- GIVEN DATA -
·····
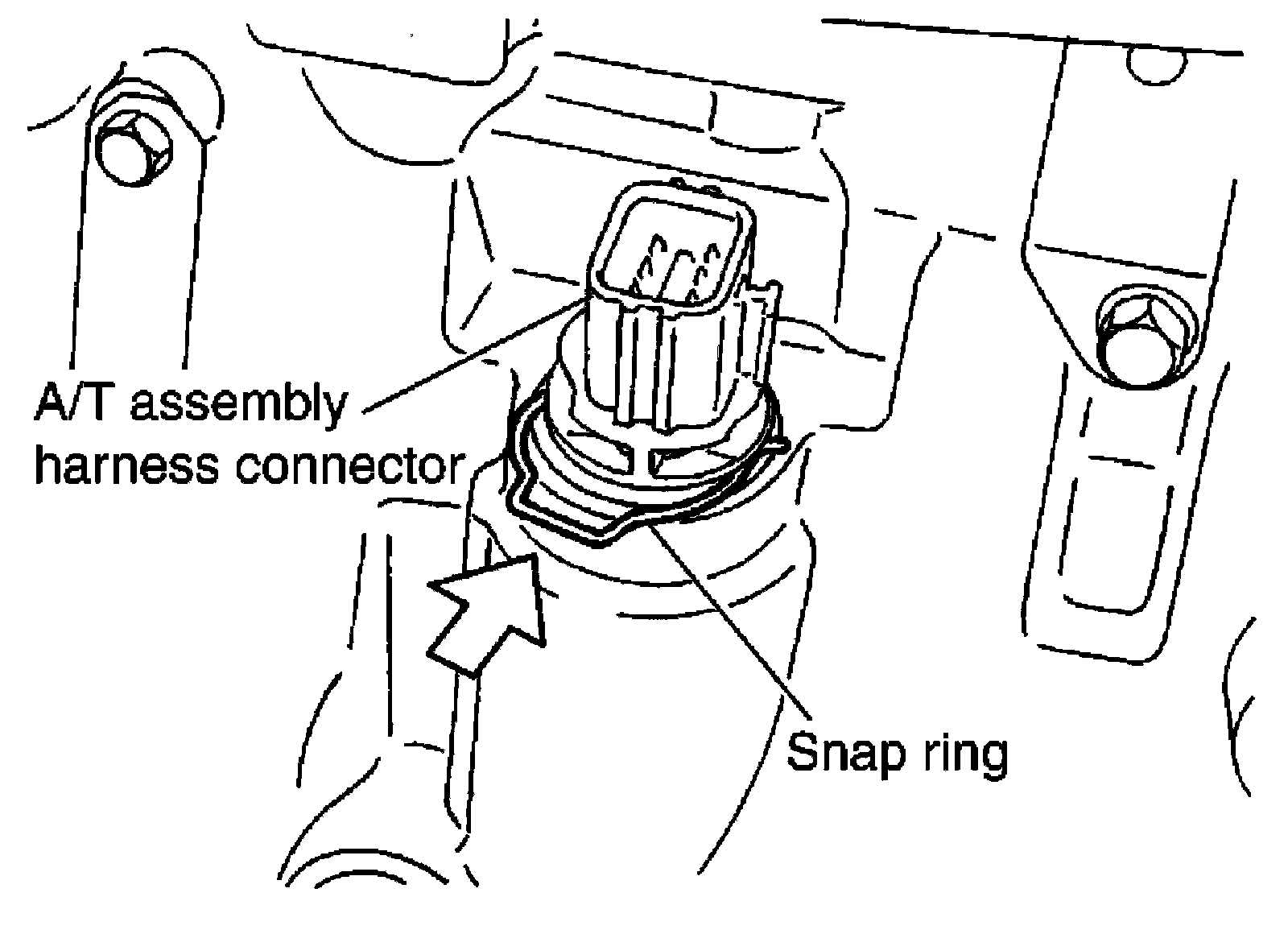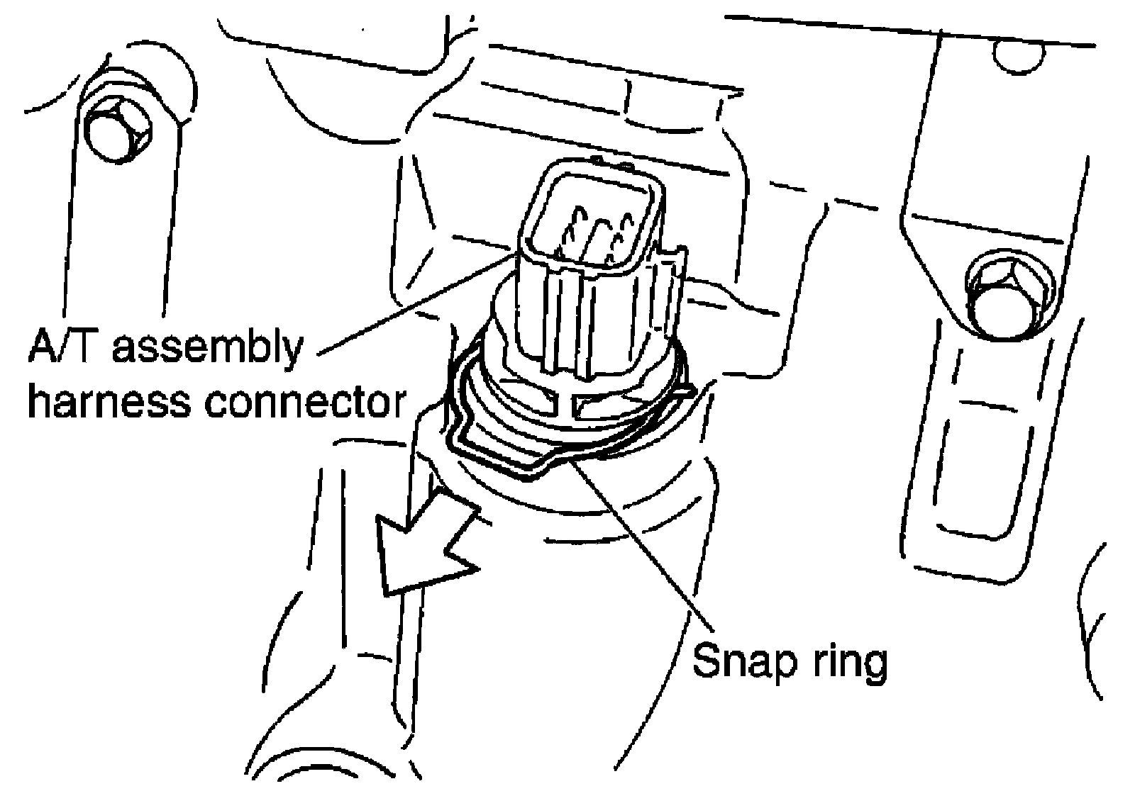 4) Remove snap ring from A/T assembly harness connector.
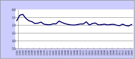 2023年1月-2026年3月综合pmi产出指数走势图
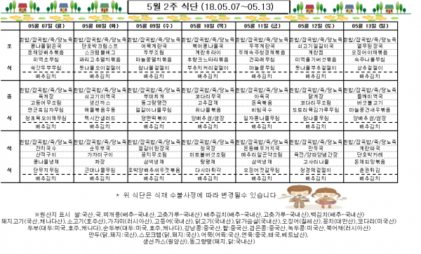 "금주의 식단 메뉴를 확인 할 수 있습니다."
·····
With pictures left out, print the lines of the material above from the line containing "2023年1月-2026年3月综合pmi产出指数走势图" through its last line, exactly and nothing more.

- ANSWER TO THIS EXERCISE -
 2023年1月-2026年3月综合pmi产出指数走势图
 "금주의 식단 메뉴를 확인 할 수 있습니다."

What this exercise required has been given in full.